The Thames Valley office market is at a pivotal moment while the thriving industrial sector faces challenges from rising interest rates and inflation.
Those findings are published in the first of a new report by Vail Williams called View West, covering its Thames Valley and Surrey areas.
It reports that office occupiers are taking barely half the space they would have pre-Covid and forecasts that the fast-evolving economic and political landscape, including the energy and cost-of-living crises, will have a major impact on the market in the last quarter of 2022.
Guy Parkes, Vail Williams partner based in Reading (pictured right), said: “The office market pendulum is continuing to swing back towards the workplace with companies embracing hybrid working and seeking to redesign, repurpose and relocate their offices to suit.
“Office attendance remains at approximately 20 per cent off pre-Covid levels and, even with signs of increased occupancy as companies get back into a rhythm, most businesses are still looking to take some 40-50 per cent less space than before the pandemic.
“Media and gaming companies, professional services and the public sector have taken a strategic and longer-term approach to future office needs and have been the driving force behind office activity across the Thames Valley and Surrey regions.
“Availability of the latest generation Grade A or Cat A+ space is beginning to dwindle across the region, as there is limited planned new development in the pipeline, meaning that refurbished Grade B space will start to fill the gap.”
The much-discussed flight to quality has continued with buildings offering favourable location, parking, amenity, flex space and quality of finish strongly in demand.
Around 9.5 million sq ft of office space is on the market across the Thames Valley and Surrey region, the majority of which is in schemes of 100,000+ sq ft.

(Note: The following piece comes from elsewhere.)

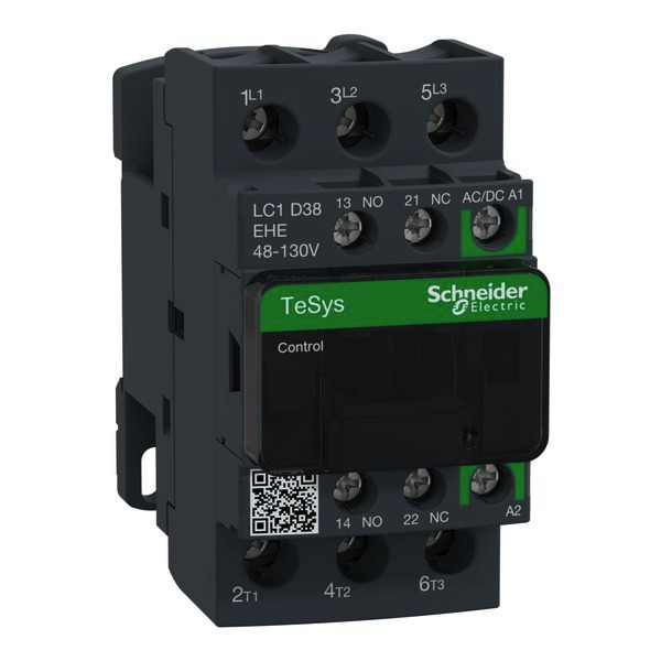 Leistungsschütz TeSys LC1D. 3 polig, 3 Schließer. Zusätzliche Hilfskontakte- 1 Schließer + 1 Öffner, Bemessungsbetriebsleistung bei AC-3, 400 V 18.5 kW, Bemessungsbetriebsstrom Ie bei AC-3, 400 V 38 A, Spule 48-130 V AC/DC. Abmessung (BxHxT) 45x85x92 mm, Gewicht 0,442 kg. Kategorie AC-3, AC-1. Spule- AC/DC, elektronisch, Integrierte bidirektionale Spitzenbegrenzung. Schnelle und einfache Einrichtung. Sichere und langlebige Stromverbindung mit Everlink und Federklemmen. Geeignet für Sicherheitsanwendungen durch mechanisch gekoppelte Kontakte und Spiegelkontakte.
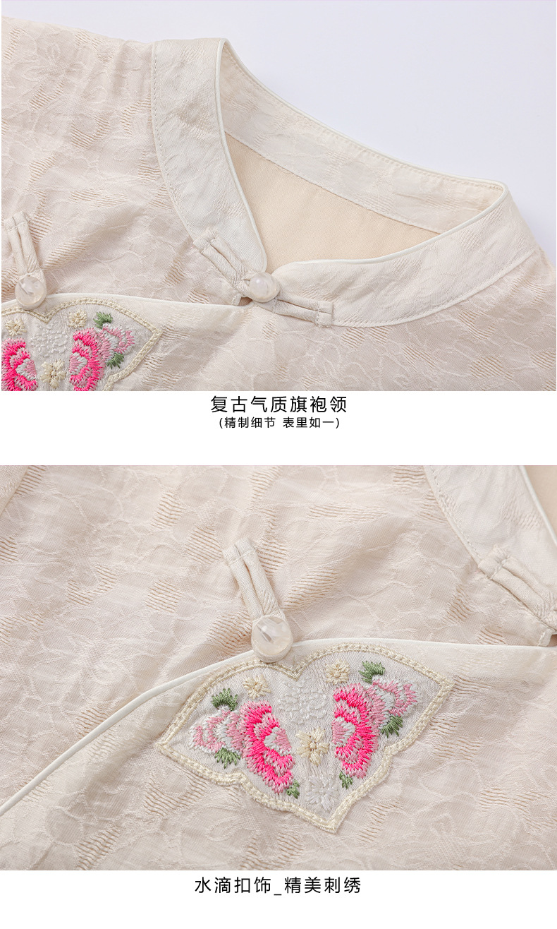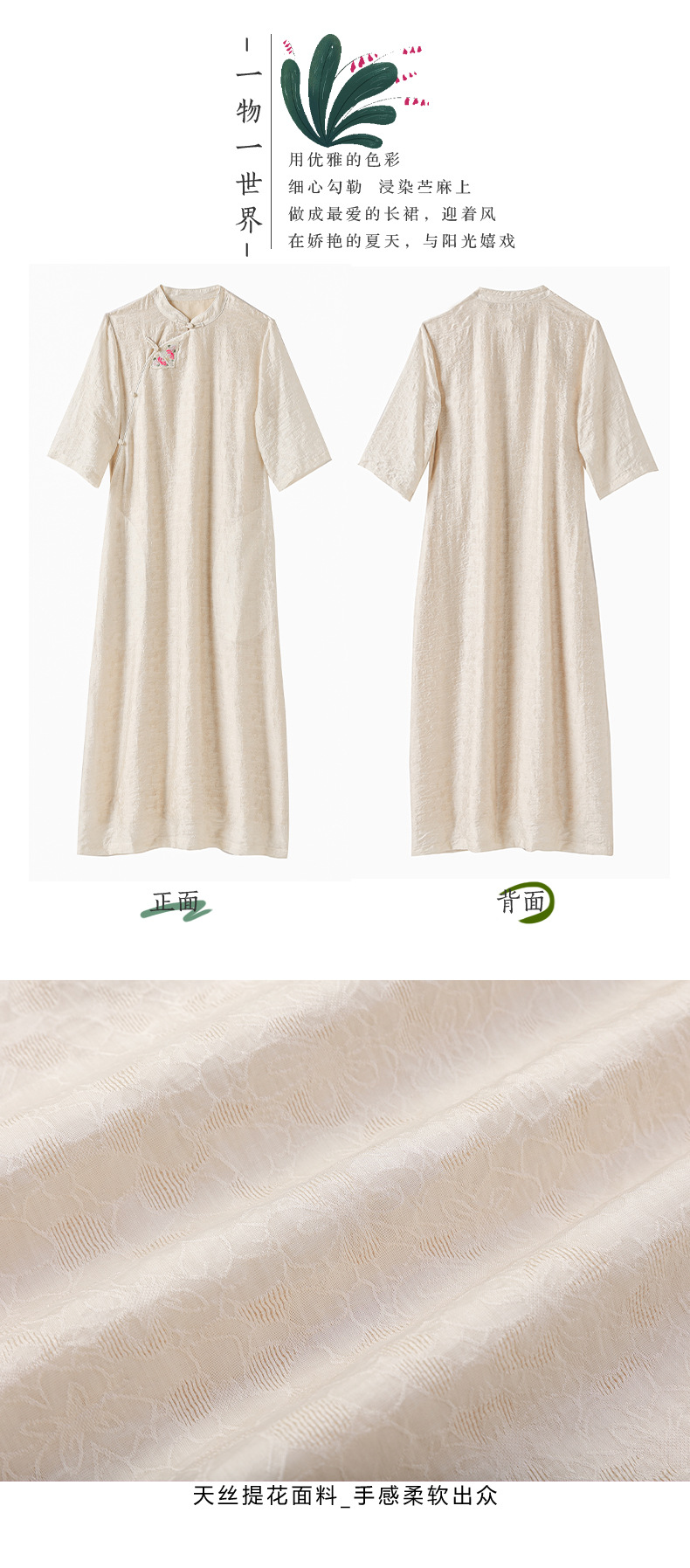 YM S358 2023春夏禅意风改良旗袍古典气质绣花立领开襟天丝提花文艺连衣裙

However, vacancy rates for Grade A buildings in some specific towns remain low, fuelling rental growth.
Record rents of between £47.50 and £60 per sq ft have been recorded at Windsor, Watford, St Albans, Hemel Hempstead and Guildford.
The Elizabeth Line is expected to lead to greater access to talent and support ‘hub and spoke’ strategies for those seeking to relocate.
While the industrial market remains buoyant Charlie Nicholson, Vail Williams partner based in Woking (pictured left), warns of dark clouds looming.
Both investor and occupier demand is competitive and the first half of 2022 saw record levels of industrial take-up across the Thames Valley and Surrey continue above the long-term average with hotspots of activity in the film production and life sciences sectors.
Mr Nicholson said: “As interest rates continue to rise, we could see this affect borrowing/finance in industrial construction and development into 2023, and therefore the pricing of the end let investment.
“For occupiers, as rents continue on an upwards trajectory and a lack of meaningful supply persists, this is painting a worrying picture – particularly ahead of Revaluation 2023 and the potential for a significant business rates hike.
“Indeed, the whole nature of an industrial deal has changed with inflation-related caveats and scenarios now built in. Occupiers need to budget for rent inflations and ensure that, working with a property professional, they forecast for every potential scenario possible, to avoid any unwanted surprises.”
He added: “As build costs continue to rise, we will see rents increase in order to sustain the pricing of constriction and the purchase of land. To date in 2022, record headline rents continue to be achieved, creating an incredibly competitive market in redevelopment/development terms.
“There remain pockets of affordability in places such as Camberley and Frimley and north to Wokingham or further west to Newbury and Swindon. However, places like Park Royal are seeing rents at £30 per sq ft, on a par with offices.”